This is the mail archive of the
mailing list for the GCC project.
Comments on mudflap
- From: "Doug Graham" <dgraham at nortelnetworks dot com>
- To: gcc at gcc dot gnu dot org
- Date: Mon, 7 Jun 2004 14:07:08 -0400
- Subject: Comments on mudflap
Frank Eigler suggested that I send this to the list. His comments
I've been experimenting with mudflap from the gcc-3.5-20040530 snapshot,
and I've got a couple of comments that you might be interested in.
I've previously been using Richard Jones' bounds checking patches (the
ones currently maintained by Herman ten Brugge), with some tweaks that
I've added to make them work with Vxworks. However, these don't support
C++, so I was looking into using mudflap instead.

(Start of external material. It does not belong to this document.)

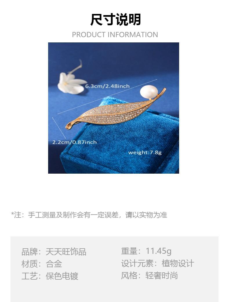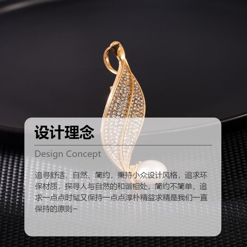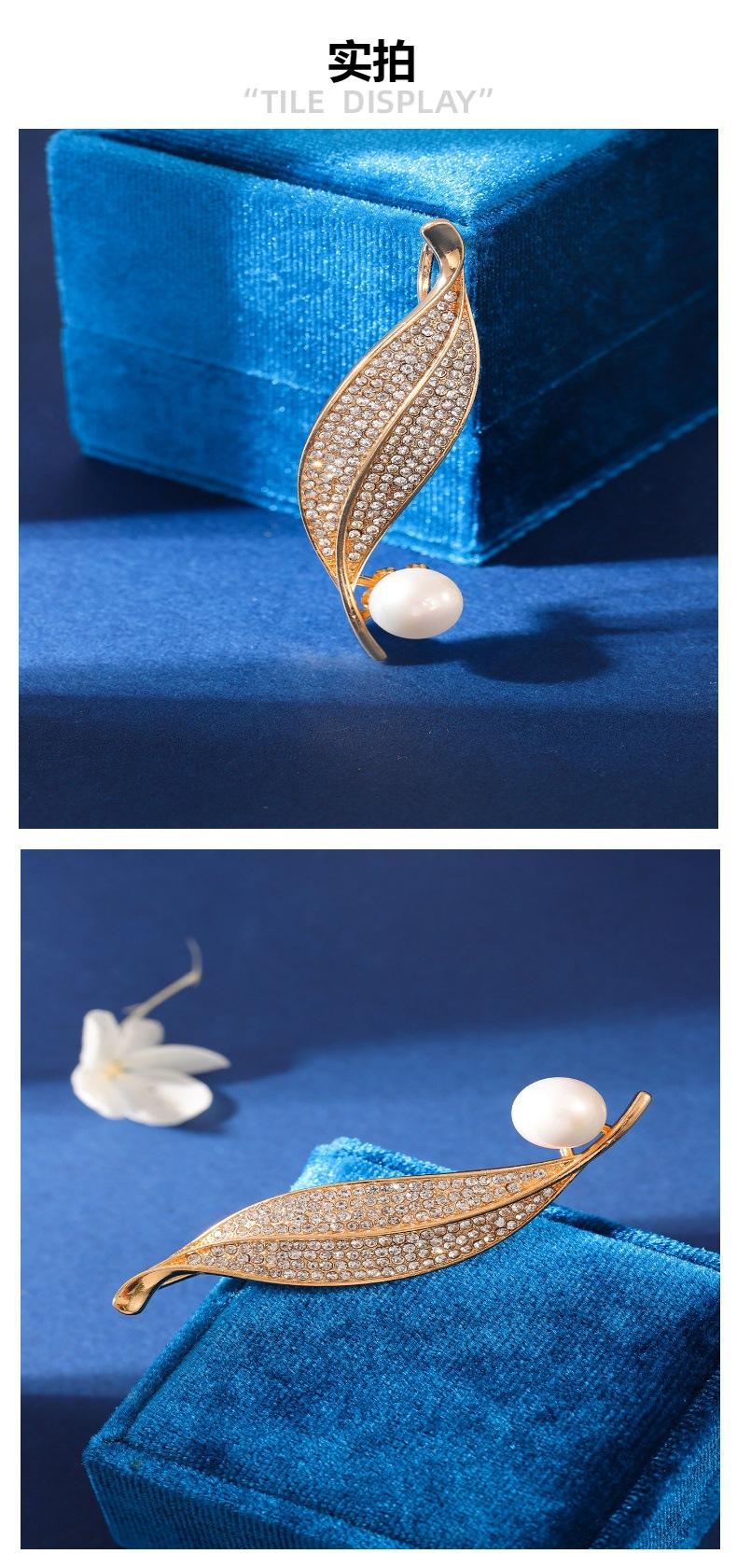 Broche Hoja Nueva Broche de Aleación de Pedrería de Alta Gama para Mujer Corsage de Planta Combinable Sensación de Alta Gama Accesorios Pin Decorativo

As far as I can tell after reading over your paper from the GCC 2003
summit, mudflap is very similar in operation to the Jones bounds-checker,
at least in its runtime behaviour. Both make calls to a runtime library
to register/unregister objects, and both make calls to a check routine to
validate potentially dangerous operations. The Jones patches appear to
make a lot more check calls to the runtime library, because they check
all pointer arithmetic, which I don't think mudflap currently does.
Mudflap also has an inline lookup cache to reduce to the number of calls
required to the runtime; Jones doesn't have this.
Those latter two factors ought to mean that mudflap adds less runtime
overhead than the Jones patches, but I'm finding the opposite on the test
program that I'm using for benchmarking. The program is a STABS parser,
and I'm running it on about 30MB of STABS information. Here's the output
of time(1) for various runs. The test programs are statically linked
and compiled with "-O2 -pg".
gcc3.5: 0.54s user 0.03s system 100% cpu 0.569 total
gcc3.5 -fmudflap: 39.56s user 0.56s system 99% cpu 40.438 total
gcc3.2.1 -fbounds-checking: 8.76s user 0.17s system 100% cpu 8.930 total
Gprof shows that the mudflap run spent 60% of its time in 565 calls to
__mf_age_tree (excluding recursive calls), and indeed, setting -age-tree
to a very large number causes total CPU usage to drop from 40s to 30s.
Another 25% of the CPU was spent in __mf_find_objects_rec.
Based on these numbers, it looks to me as though the splay tree scheme
used in the Jones patches is quite a bit more efficient than the scheme
used by mudflap, at least for this particular benchmark.
The mudflap -collect-stats option prints this:
calls to __mf_check: 7055903 rot: 3814640/895326
__mf_register: 2478597 [32774B, 17537153B, 57253B, 15945517B, 47484B]
__mf_unregister: 1832560 [15996862B]
__mf_violation: [0, 0, 0, 0, 1]
calls with reentrancy: 748613
lookup cache slots used: 1024 unused: 0 peak-reuse: 330646
number of live objects: 646038
zombie objects: 204
The bounds-checking statistics look like this:
Calls to push, pop, param function: 4849919, 4849918, 2
Calls to add, delete stack: 6355484, 6355481
Calls to add, delete heap: 697272, 51349
Calls to check pointer +/- integer: 2430879
Calls to check array references: 4064610
Calls to check pointer differences: 911088
Calls to check object references: 84148982
Calls to check component references: 3851614
Calls to check truth, falsity of pointers: 3970940, 509519
Calls to check <, >, <=, >= of pointers: 0
Calls to check ==, != of pointers: 7943034
Calls to check p++, ++p, p--, --p: 38543835, 1368, 0, 0
References to unchecked static, stack: 0, 0
If I'm reading this right, this means that there were about 7M
calls to the mudflap check routine __mf_check, about 80M calls to the
bounds-checking object dereference checker, and about 40m calls to the
bounds-checking pointer-increment checker. So there are about 20 times
as many calls to the bounds-checking runtime, yet the mudflap runtime
used about 5 times as much CPU.
One other minor thing. On the Fedora Core 1 Linux system that I'm
using for testing (with GLIBC 2.3.2), I get a mudflap violation every
time I use one of the ctype routines (isdigit, isupper, islower, etc.)
I assume that's because there is some array in the library that is
accessed by the ctype macros, but which hasn't been registered with
the mudflap runtime. For the tests above, I've been using my own ctype
replacement so as to avoid this problem.
From: "Frank Ch. Eigler" <firstname.lastname@example.org>
Hi, Doug -
Thanks for your comments. Please feel free to resend your note and my
reply to email@example.com for the benefit of other developers.
Indeed, the libmudflap runtime is not well optimized yet, and help or
suggestions are welcome. On the instrumentation side at least, mudflap
is bound to perform better, and also has more room to improve.
With respect to ctype, yes, these types of static arrays used by
libc macros pose a problem. One solution would require adding a few
autoconf-sensitive lines to mf-runtime.c to register these during
initialization much as environment variables and std* FILE objects are.